А еще у него есть стихотворение, в котором две первые строки сплошь состоят из одного посыла: "На восток, на восток!.."
Он тоскует по Украине на Колыме, тоскует в лагере, но там он все равно чувствует себя ближе к ней и вместе с ней, чем если бы он выехал из страны.
Зболіле серце, як болід,
в ночах лишає слід...
В 2015 году в Донецке уничтожили барельеф Василя Стуса – ночью, тайком. Сейчас появляются там и здесь новости о сносе памятников Пушкину в Украине. Я думаю, что те, кто сносит памятники Пушкину, не читали Василя Стуса, а уничтожившие памятную доску Стусу не читали Пушкина.
И совсем по-грустному смешно, когда я слышу инициативы украинцев об удалении русских поэтов из школьных программ и замене их западноевропейскими поэтами.
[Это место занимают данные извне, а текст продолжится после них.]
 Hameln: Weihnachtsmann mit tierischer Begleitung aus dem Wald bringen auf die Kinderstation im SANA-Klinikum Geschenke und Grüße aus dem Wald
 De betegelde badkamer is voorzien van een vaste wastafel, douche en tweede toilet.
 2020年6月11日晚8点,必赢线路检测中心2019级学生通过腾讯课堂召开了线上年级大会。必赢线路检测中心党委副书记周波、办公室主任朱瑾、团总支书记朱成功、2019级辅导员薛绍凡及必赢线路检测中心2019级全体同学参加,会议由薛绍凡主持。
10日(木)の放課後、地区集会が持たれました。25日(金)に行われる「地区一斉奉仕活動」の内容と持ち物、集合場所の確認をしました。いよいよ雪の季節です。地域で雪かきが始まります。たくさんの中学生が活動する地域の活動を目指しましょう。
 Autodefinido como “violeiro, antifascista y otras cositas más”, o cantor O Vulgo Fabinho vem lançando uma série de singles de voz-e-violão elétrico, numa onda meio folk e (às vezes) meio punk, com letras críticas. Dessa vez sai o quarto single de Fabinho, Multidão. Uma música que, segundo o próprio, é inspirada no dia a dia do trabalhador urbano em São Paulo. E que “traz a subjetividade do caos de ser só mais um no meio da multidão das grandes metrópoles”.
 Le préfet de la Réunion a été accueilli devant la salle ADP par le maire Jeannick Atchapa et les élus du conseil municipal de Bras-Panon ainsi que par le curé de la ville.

Ну при чем тут поэты! Ладно, изучайте Байрона вместо Пушкина, Пушкину от этого хуже не будет, только овладейте сначала английским в совершенстве. Без Байрона не было бы Пушкина. А без Пастернака, Цветаевой и Рильке не было бы Василя Стуса.
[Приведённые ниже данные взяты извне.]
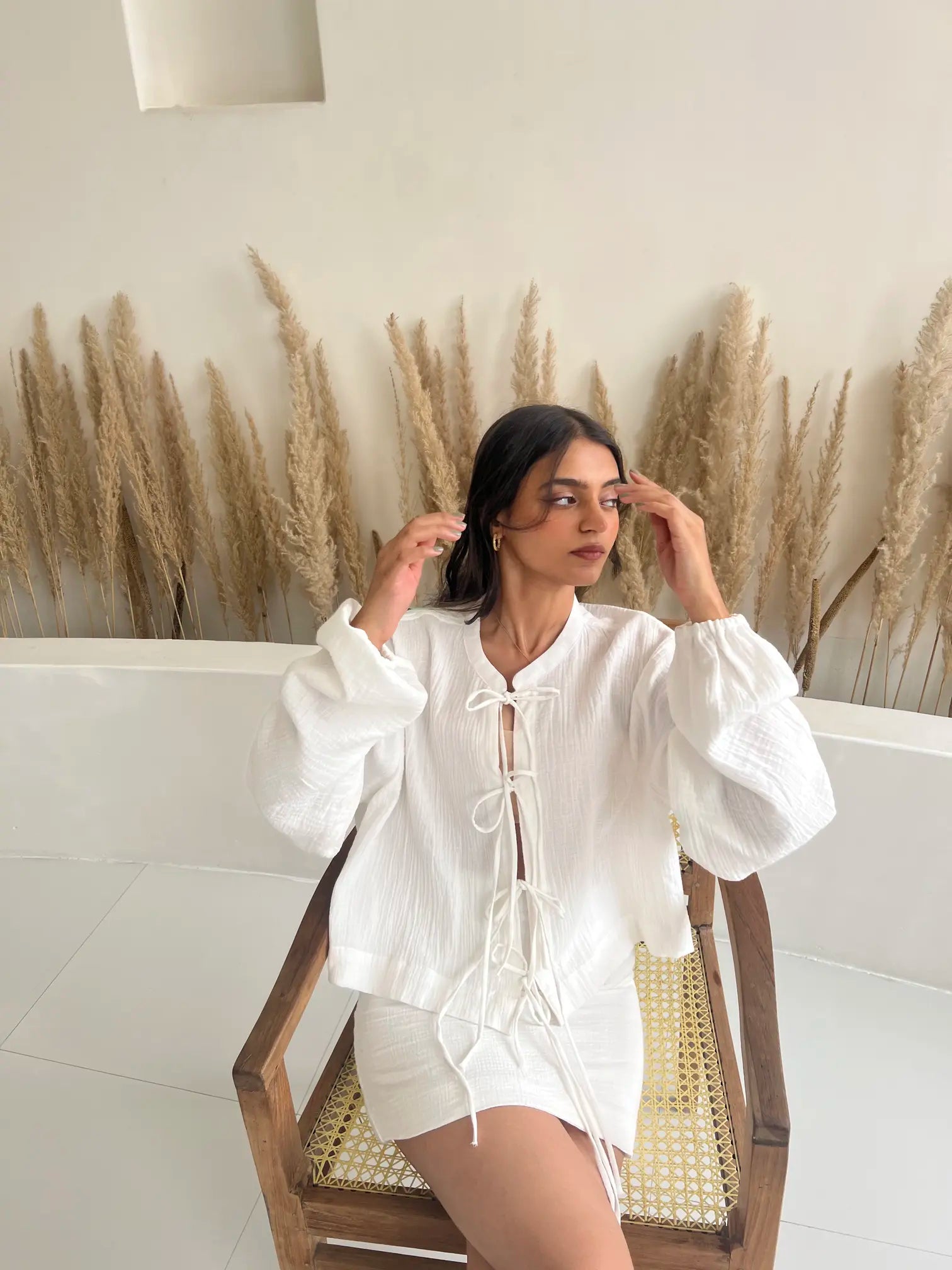 Get that effortless look with all the comfort this summer! Voluminous tie up top with a fitted skirt is super breathy and comfortable with a chic vibe, can be styled separately as well.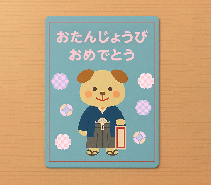 七五三を迎える年齢の子どもには、こんなカードも!和服姿の犬が、ちとせあめを手に立っている姿は、自分自身の七五三のお祝いと重なり、印象的に映ることでしょう。背景に和柄の折り紙やシールを貼って、ハレの日の華やかさを演出します。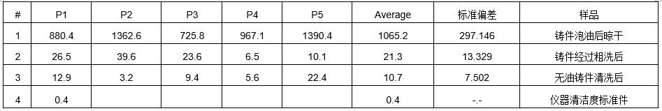 1 | 在會議室的零件測試 | 3件樣品: 鑄件泡油后晾干、鑄件經(jīng)過粗洗后、無油鑄件清洗后 |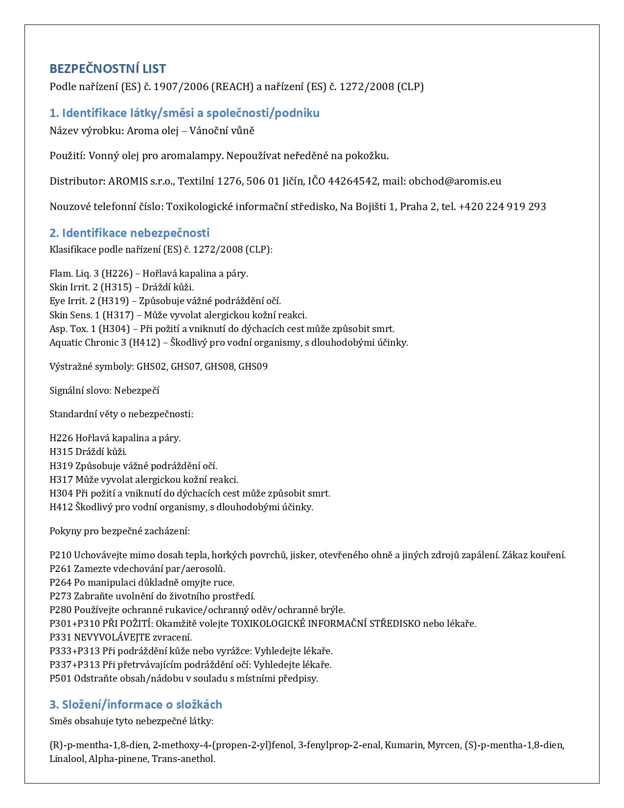 Distributor: AROMIS s.r.o., Textilní 1276, 506 01 Jičín, ČR, IČO 44264542, www.aromis.eu, e-mail: obchod@aromis.eu,

Вот один эпизод из воспоминаний Светланы Кириченко. Серпухов, остановка, Василь Стус и Светлана ждут автобуса до Тарусы и говорят… о Цветаевой и Пастернаке. Василь признается, что Пастернак был его первой любовью, первым поэтом, открывшимся ему как гений. "Це було щось неймовiрне – вiдкриття його поезii". А от поэзии Цветаевой у него перехватывает горло.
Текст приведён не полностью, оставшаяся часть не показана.